We hear so much these days about how beautiful Kenyon is. In fact, if you Google image search Kenyon College, almost everything that comes up is a picturesque scene of happy students walking through Middle Path in autumn, leaves fluttering around them as they stroll merrily to their dorm, a fringed scarf draped casually and stylishly around their neck. But is Kenyon really as idyllic in fall as our pamphlets and tour guides claim? Aren’t there those little things about Fall that really just get to you? Luckily for you, I am here to ruin your beautiful Kenyon autumn. Here are the worst things about Kenyon in the fall:

  1. Weddings — Everyone wants to be married in Kenyon in fall because it’s so damn pretty, and much as you might like admiring the wedding dresses/bridesmaids and the  joy radiating from the truly in-love as they celebrate the happiest day of their life, they are seriously hogging Middle Path, and worse, New Side. We all know the best part of weddings is the open bar, so what better way to make us resent them than to take up an ENTIRE hall in our one dining hall on campus and then deny us their cocktails? Besides, who wouldn’t want drunken college students slurping up Shirley Temples and grinding like it’s an Old Kenyon party?
  2. Asian beetles — Not to be confused with the similarly colored cute ladybugs, these beetles get everywhere, and then they bite and smell. It kind of puts a dampener on opening your window to let in a wonderful fall breeze when the breeze brings with it a horde of bugs.
  3. Leaf blowers — So loud. All the time. Leave the leaves alone!
  4. Midterms — Okay I know these happen in the spring too, but nothing ruins a glorious fall day like an upcoming midterm that you have to study for when all you want to do is clutch your pumpkin spice latte as it lurches precariously while you chase falling leaves like you did in kindergarten, back when you were an innocent little kid blissfully enjoying your short-lived youth, bless your little heart.
  5. No heat — I know you people in apartments and Aclands and whatever get to control your own heat, but the rest of us in dorms are left to our own devices when maintenance fails to turn on the heat even when it’s like 50 degrees and raining. Just because it’s fall doesn’t mean it won’t get cold. But just because it’s cold doesn’t mean maintenance will turn on the heat.
  6. Freshman optimism — I mean people just come in here so excited about a new year and their classes and professors and all the fun new friends they’re going to make and adventures they’re going to go on and everywhere you look there’s some grinning first-year having a blast. Luckily, it wears off. By February, they are jaded like the rest of us and you can maybe catch one or two of them sharing a cigarette outside Mather at 2:00 a.m. staring off into the distance contemplating what could have been and inwardly having a panic attack about that Quest essay due by noon the next day. But in the fall there is just so much bubbly enthusiasm.
  7. No one shuts the heck up about how pretty it is.

10 responses

      • Food for thought:

        “On the other hand, there’s definitely an extent to which the hashtag is in bad taste. It might have started out as a rebuke to first world privilege, but it has now become so naturalised that it doesn’t really encourage any sort of empathetic engagement with third world issues. Worse, it’s formulated in a way that excludes people from developing countries from the conversation. It addresses an in-group assumed to “get” the petty grievances of prosperity. Irony aside, it’s hard to ignore the fact that the #firstworldproblems gag rests on the discrepancy between first and third world quality of life.

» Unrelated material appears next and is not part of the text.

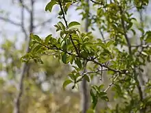 Ximenia americana is a semiscandent plant that grows as a bush-forming shrub or small tree to between a height of 2–7 metres (6.6–23.0 ft),[9][8] although plants being less than 4m (13 feet) are more commonly observed.[7] The trunk has a diameter of less than 10 cm (4 in); the bark has a colour of dark brown to pale gray.[9] The branches form an arch downwards[7] and the branchlets have straight, thin spines that are 1 cm long, protruding out of it, and are coloured purple-red with a waxy bloom.[9][10]

        Nigerian-American polymath Teju Cole has a beef with the condescending nature of #firstworldproblems. People in the third world, he points out, also deal with mundane hassles such as Blackberry connectivity issues or car repairs. He says: “All the silly stuff of life doesn’t disappear just because you’re black and live in a poorer country.” Similarly, all the serious stuff in life doesn’t disappear just because you’re white and live in an affluent country. You don’t see tweets like “I have a chronically ill child and no health insurance” under #firstworldproblems, but these situations exist. I’m not euphorically proclaiming that we all live in a global village where national boundaries don’t demarcate sites of privilege, but first and third world experiences are not incomprehensibly alien to each other; there is potential for meaningful dialogue about inequality based on mutual comprehension and humanity.”


        Link includes an interesting video as used for the campaign Water is Life and additional commentary.

        I prefer “bourgeois problems…” or, everyone’s favorite collegian column, “Quick Complaints.”

        Link includes an intersting

  1. Not sure why, but I read the article and I thought ‘DHoyt wrote this. I then checked the byline, was completely shocked, then I thought about it some more and wasn’t that shocked.